Directions for this task:
All lines below between the line with "3D vidrio fuegos" and the line with "艾媒咨询分析师认为,即时配送", including both, must be copied exactly, and the pictures must be omitted.
──────── Information given
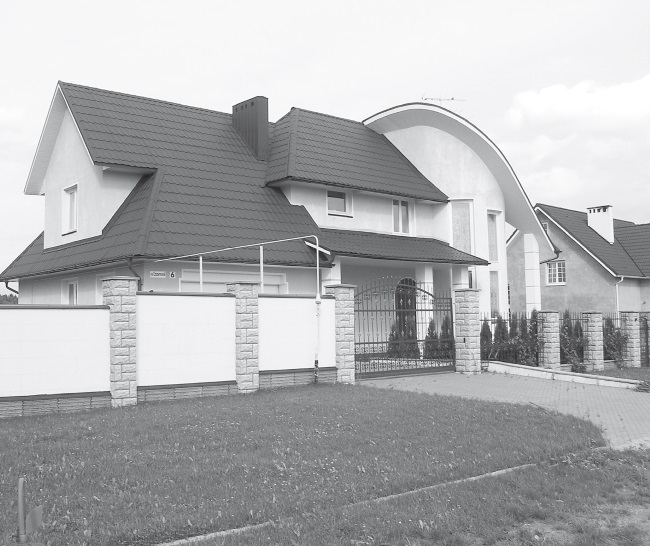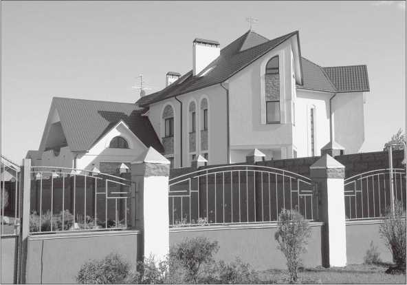 Вальмовая крыша существенно ограничивает возможности использования расположенного под ней пространства. Устройство надстройки здесь, скорее всего, продиктовано необходимостью естественного освещения помещений второго этажа. Угловой излом еще более усложняет форму крыши. Достаточно сложная стропильная система, дополнительный расход кровельных материалов, связанный с косой резкой черепицы, большое количество ендов, ребер и примыканий, а также фасонных изделий значительно увеличивают стоимость кровли. Видимо, такое архитектурное решение дома продиктовано вкусами его хозяина.
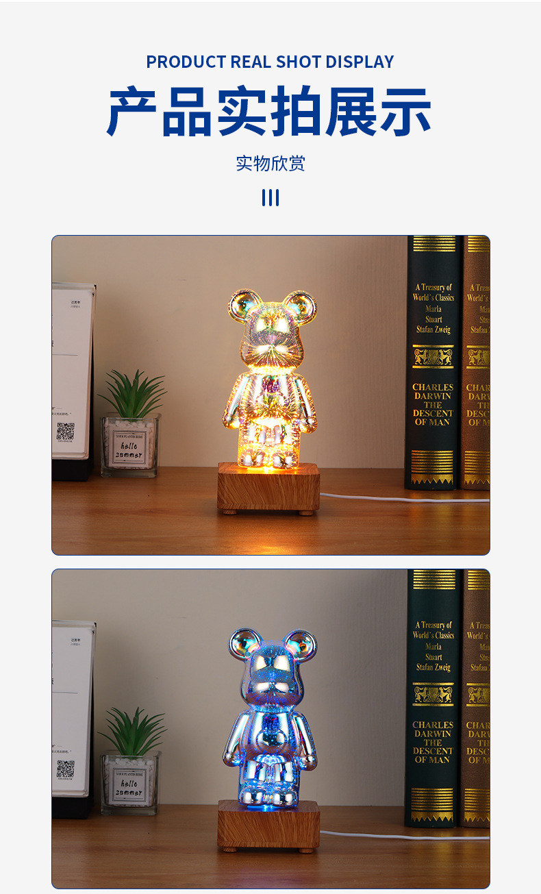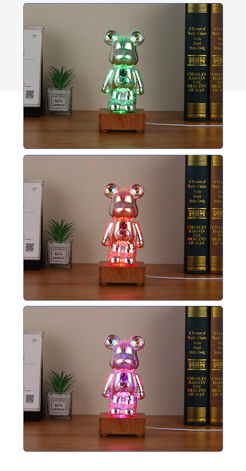 3D vidrio fuegos artificiales oso diy colorido luminoso atmósfera dormitorio luz de la noche internet celebridad luz de la noche tiktok mismo regalo
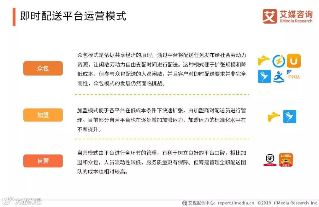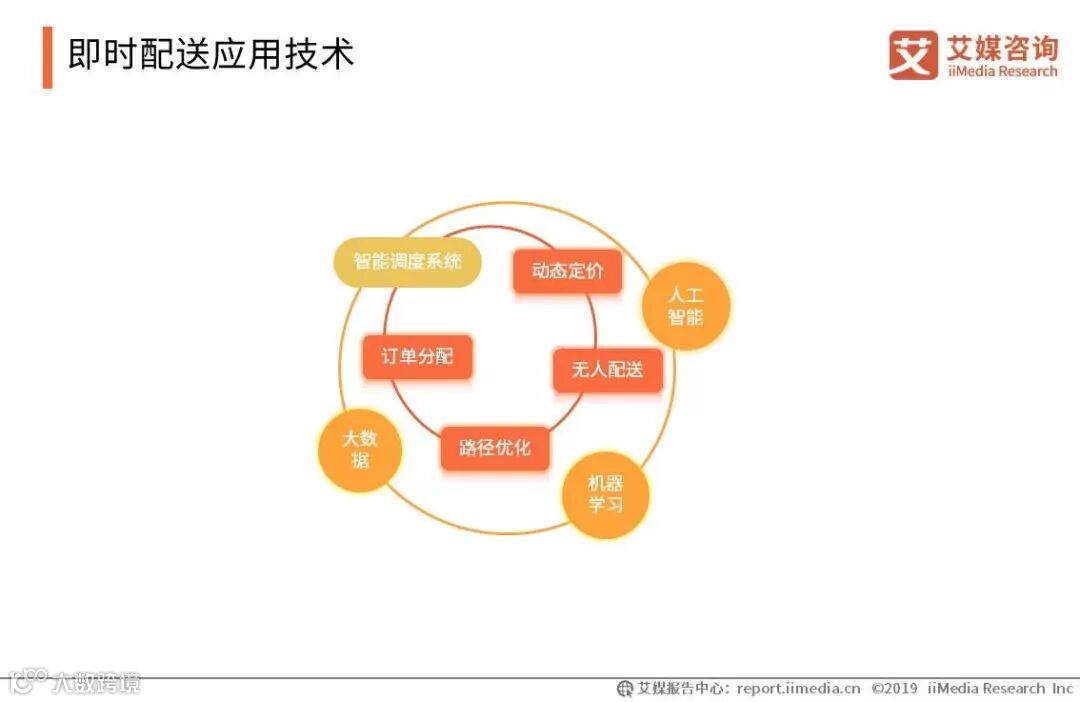 艾媒咨询分析师认为,即时配送离不开大数据、人工智能、运筹优化、移动互联网等的支撑,通过分析海量数据,预测运力需求并对配送过程进行优化,进行语音交互与实时监控,提高配送效率,降低配送成本。 即时物流容错率较低,在业务复杂度提升的同时也应提高分布式、可扩展等的能力。信息化与智能化则是即时配送亮眼的标签,美团ETA分析模型、饿了么方舟Ark智能调度系统、达达-京东到家的动态定价系统,都是即时配送业务持续发展的技术基础。
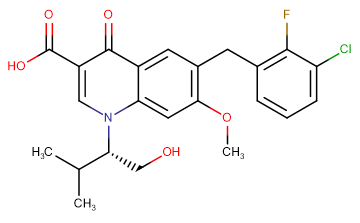 SMILESCC(C)[C@@H](CO)N1C=C(C(=O)C2=CC(=C(C=C21)OC)CC3=C(C(=CC=C3)Cl)F)C(=O)O
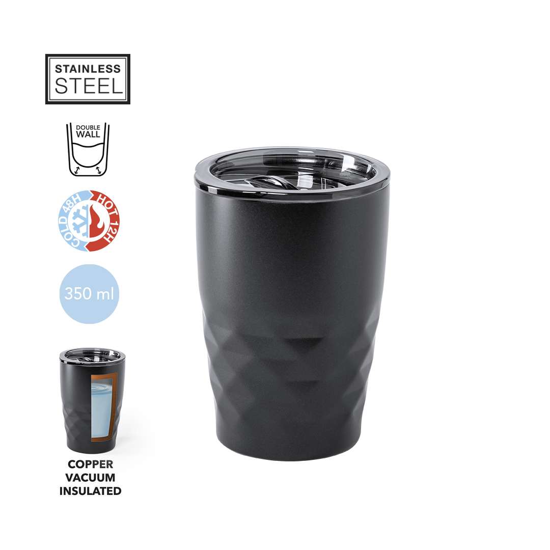 Bicchiere termico da tavolo in acciaio inox, con doppia parete e isolamento sottovuoto in rame, con una capacità di 350 ml. È ideale per la tua scrivania, tavolo o qualsiasi superficie dove puoi goderti la tua bevanda preferita. Consente di mantenere il caldo e il freddo per un tempo più lungo, rispettivamente fino a 8 e 24 ore. Include un coperchio con dispenser e apertura facilitata.
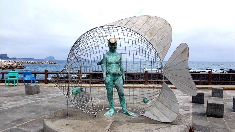 [수봉로]를 따라 나지막한 경사를 오르니 "범섬"이 이전보다 많이 가까워진 듯 보인다. 이어지는 길은 [법환포구]로 검은 현무암들이 즐비한 바닷길을 끼고 제주해녀 체험센터가 나타나는데 이곳은 물질을 배우기 위한 초보 해녀들의 실습장인 듯 보인다.
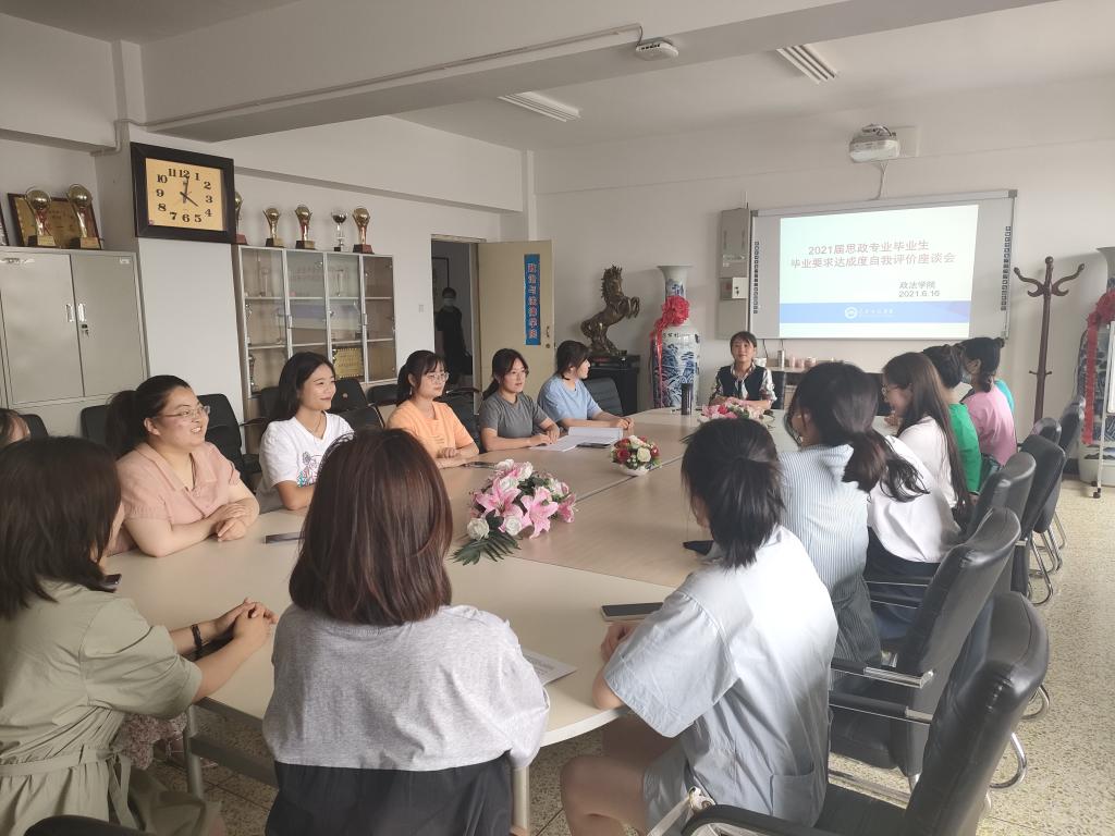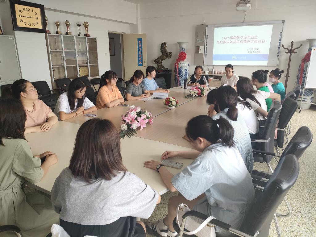 为推进思想政治教育专业认证工作,我院于2021年6月16日下午在博学楼729会议室召开2021届毕业生毕业要求达成度自我评价座谈会,政法学院副院长李霞、思政系主任李娜出席会议。李霞副院长阐述了座谈会主旨和重要意义,希望同学们围绕毕业要求指标点进行自我评价,并提出自己的意见和建议。
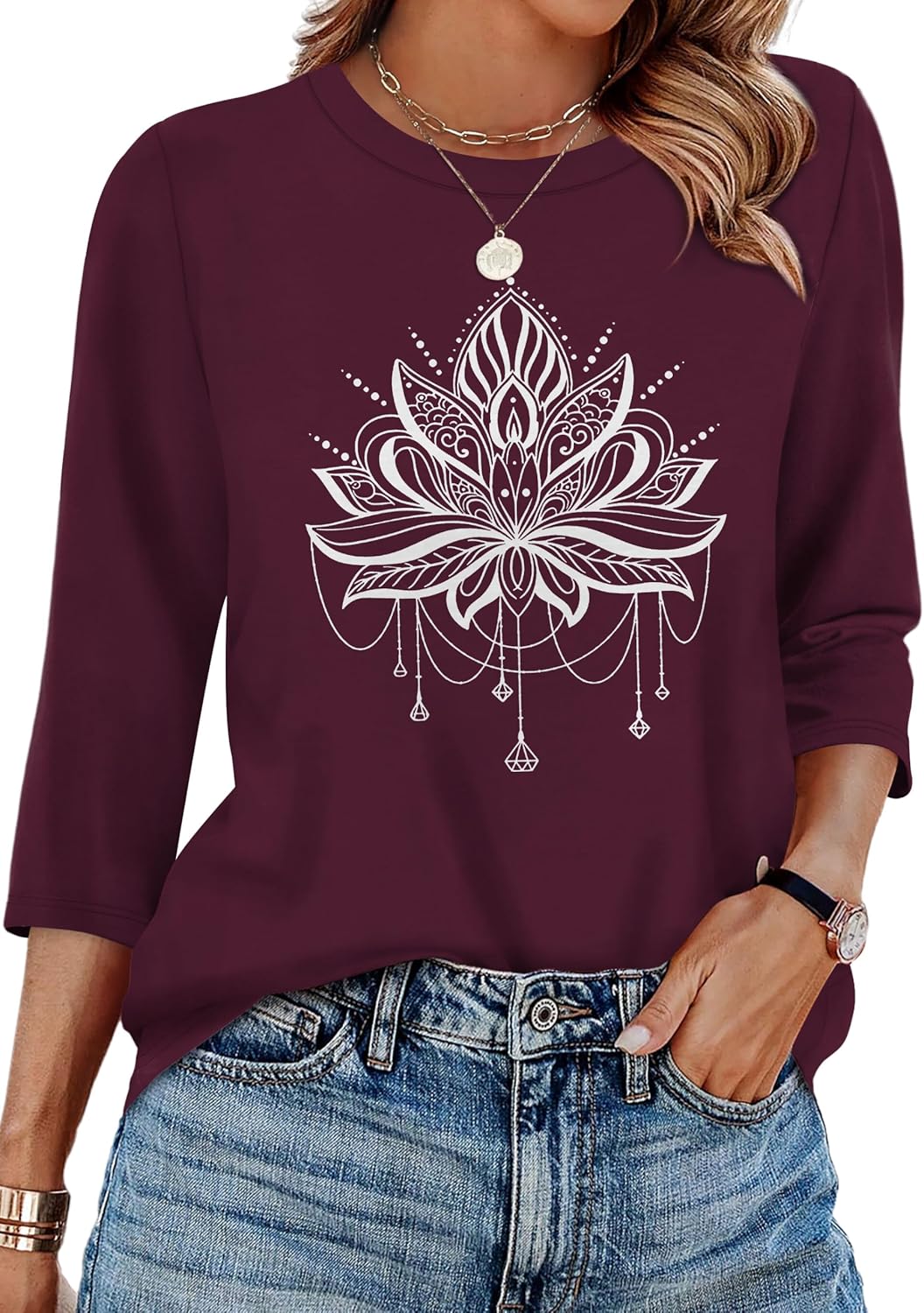 WIHOLL Womens 3/4 Length Sleeve Tops Crewneck Graphic Tees Casual Tunic Tops to Wear with Leggings Fashion Clothing Outfits
────────────────
Task solution:
 3D vidrio fuegos artificiales oso diy colorido luminoso atmósfera dormitorio luz de la noche internet celebridad luz de la noche tiktok mismo regalo
 艾媒咨询分析师认为,即时配送离不开大数据、人工智能、运筹优化、移动互联网等的支撑,通过分析海量数据,预测运力需求并对配送过程进行优化,进行语音交互与实时监控,提高配送效率,降低配送成本。 即时物流容错率较低,在业务复杂度提升的同时也应提高分布式、可扩展等的能力。信息化与智能化则是即时配送亮眼的标签,美团ETA分析模型、饿了么方舟Ark智能调度系统、达达-京东到家的动态定价系统,都是即时配送业务持续发展的技术基础。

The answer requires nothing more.